Reinforcement learning (RL) finetuning has become a key technique for enhancing the reasoning abilities of large language models (LLMs). However, its effectiveness critically depends on the selection of training data. Recent advances underscore the importance of online prompt selection methods, which typically concentrate training on partially solved or moderately challenging examples under the current policy, thereby yielding more effective model updates. While significantly accelerating RL finetuning in terms of training steps, they also incur substantial computational overhead by requiring extensive LLM rollouts over large candidate batches to identify informative samples, an expense that can outweigh the finetuning process itself. To address this challenge, this work proposes Dynamics-Predictive Sampling (DPS), which online predicts and selects informative prompts by inferring their learning dynamics prior to costly rollouts. Specifically, we introduce a new perspective by modeling each prompt's solving progress during RL finetuning as a dynamical system, where the extent of solving is represented as the state and the transition is characterized by a hidden Markov model.
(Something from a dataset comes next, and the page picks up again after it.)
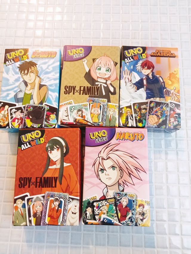 Detalles del productoColección de 5 juegos de cartas UNO temáticos de anime.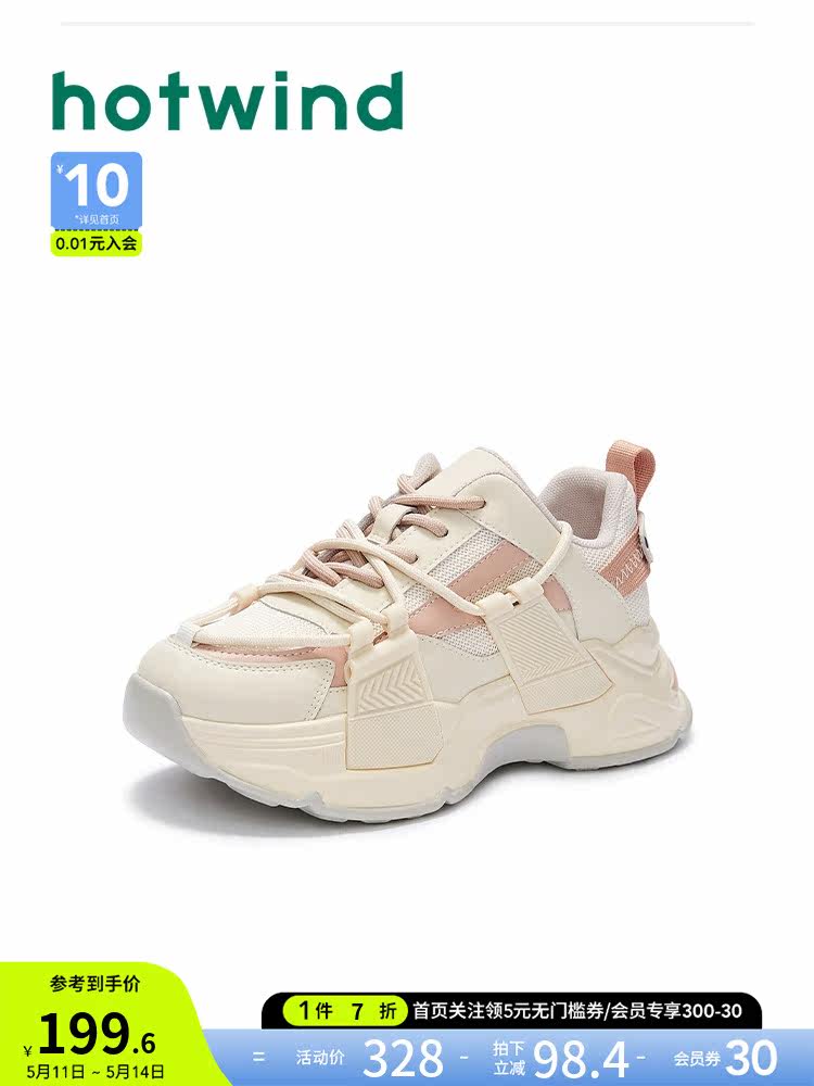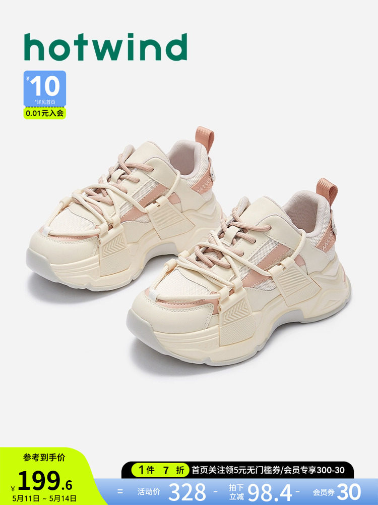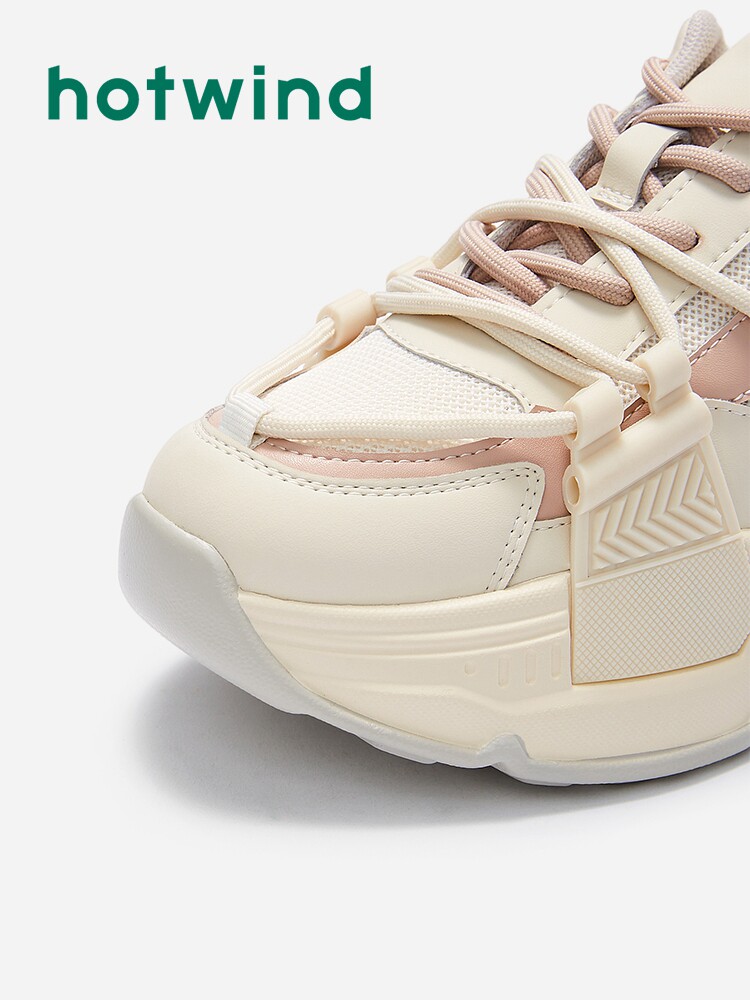 Hot Wind 2023, весенняя новая женская модная спортивная и повседневная обувь на шнуровке, универсальные туфли для папы на платформе с цветными блоками

Using historical rollout reward signals, we perform online Bayesian inference to estimate evolving state distributions, and the inference outcome provides a predictive prior for efficient prompt selection without rollout-intensive filtering. Empirical results across diverse reasoning tasks, including mathematics, planning, and visual geometry, demonstrate that DPS substantially reduces redundant rollouts, accelerates the training process, and achieves superior reasoning performance.

翻译：强化学习（RL）微调已成为提升大型语言模型（LLMs）推理能力的关键技术。然而，其有效性在很大程度上依赖于训练数据的选择。近期研究进展凸显了在线提示选择方法的重要性，这些方法通常将训练集中在当前策略下部分解决或中等难度的示例上，从而产生更有效的模型更新。尽管这些方法在训练步数方面显著加速了RL微调，但它们也因需要在大型候选批次上进行大量LLM推演以识别信息丰富的样本而带来巨大的计算开销，这一开销可能超过微调过程本身。为应对这一挑战，本研究提出了动态预测采样（DPS），该方法通过在昂贵的推演之前推断其学习动态，在线预测并选择信息丰富的提示。具体而言，我们引入了一种新视角，将RL微调过程中每个提示的解决进度建模为一个动态系统，其中解决程度表示为状态，状态转移由隐马尔可夫模型刻画。利用历史推演奖励信号，我们执行在线贝叶斯推断以估计演化的状态分布，推断结果为无需推演密集型筛选的高效提示选择提供了预测先验。在包括数学、规划和视觉几何在内的多种推理任务上的实证结果表明，DPS显著减少了冗余推演，加速了训练过程，并实现了更优的推理性能。